The fact that the tree is builded bottom up is a usefull metaphor to remember as it constrains the visibility of the application contexts (and the beans defined inside of them):

  1. the child can see the parent
  2. the parent cannot see the child.

This makes sense as when the parent context was loaded, there was no child context available. As such the visibility/scope is going only one way. You cannot use the parent context to get a bean from the child context. Only the other way around : use the child context to get a bean from the parent context.

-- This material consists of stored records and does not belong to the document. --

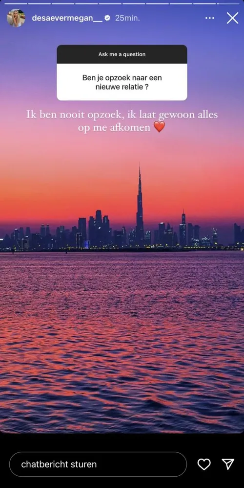 Dennis is terug naar huis vertrokken en Megan vertoeft momenteel nog steeds in Dubai. Tijdens een vragenronde op Instagram laat ze ook weten hoe het nu in de liefde gaat. “Ben je op zoek naar een nieuwe relatie”, vraagt een van haar volgers. “Ik ben nooit op zoek”, antwoordt ze. “Ik laat gewoon alles op me afkomen”, aldus Megan.
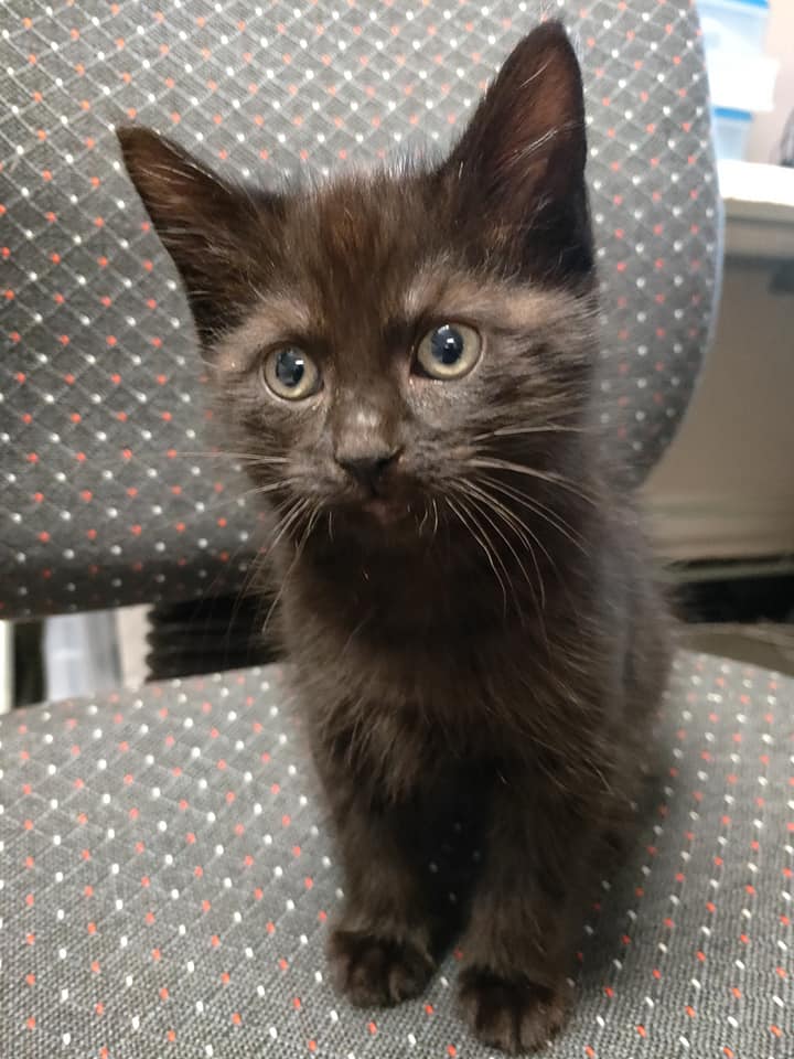 James is a typical kitten, full of playfulness and curiosity. He is currently housed with his 2 brothers and they love to play and get along with each other very well.
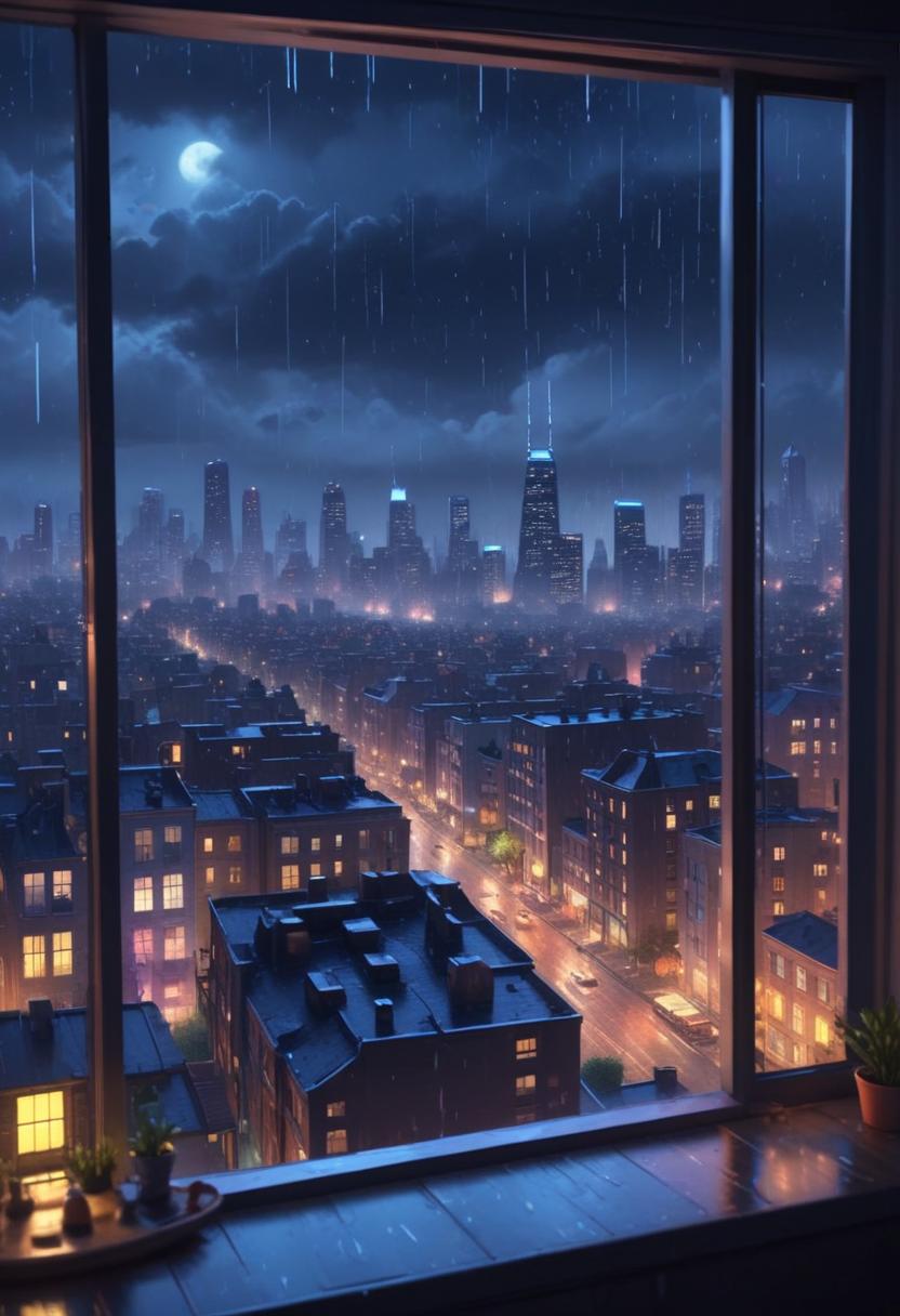 A nighttime cityscape with rain falling outside a window, the moon visible in the sky, and city lights illuminating the streets.

2. Managing multiple contexts – the simplest way to go

The easiest/cleanest way to work with this situation is to think of the child application context as a “second class citizen”. As such it can contain beans that refer to the parent/stable context. Also you avoid cross-refering/cross-using beans from one child context to another (this is not possible through the Spring context application loader, but it could be done trough different hacks in your code). A good example of the child application context would be that of a job that gets configured as a chain of multiple resources/beans available in the parent :

As you can see the child context just define “job plans”, which can be fancifull assemblies of existing parent beans. Whenever you want to call a job (ie. by id) you just need to know in which child context was the job defined and then use that particular context to instantiate the bean. The straightforward way to do this is to keep a Map<String,AbstractApplicationContext> somewhere accesible in the parent context and whenever you add a new child context, update the map with all the beans from the child context that you know you will need to call directly (ie. in the above example it would make sense to get all the beans that are an instance of the com.example.Job class as I’m sure that I will call just job beans directly)

2.1 Load, Refresh & Close

The main reson why we want to have child application contexts is because we want our jobs to be flexible. As such we need to be able to create, update & delete jobs without any redeploy.This is done straightforward in our situation :

If you have some mechanism to update the child application context XML files, all you need to do is to refresh the child application (or close and load them), and you get a new “version” of the jobs.

3. Pitfalls

  1. Don’t cross reference beans from two different child contexts. What happens when you end up closing one of the contexts and the other one needs it?
  2. Don’t use beans from the child context in the parent context. You cannot do this through Spring directly, but you can still assign it through you code. When the child application gets closed or refreshed you will still keep references from the old version.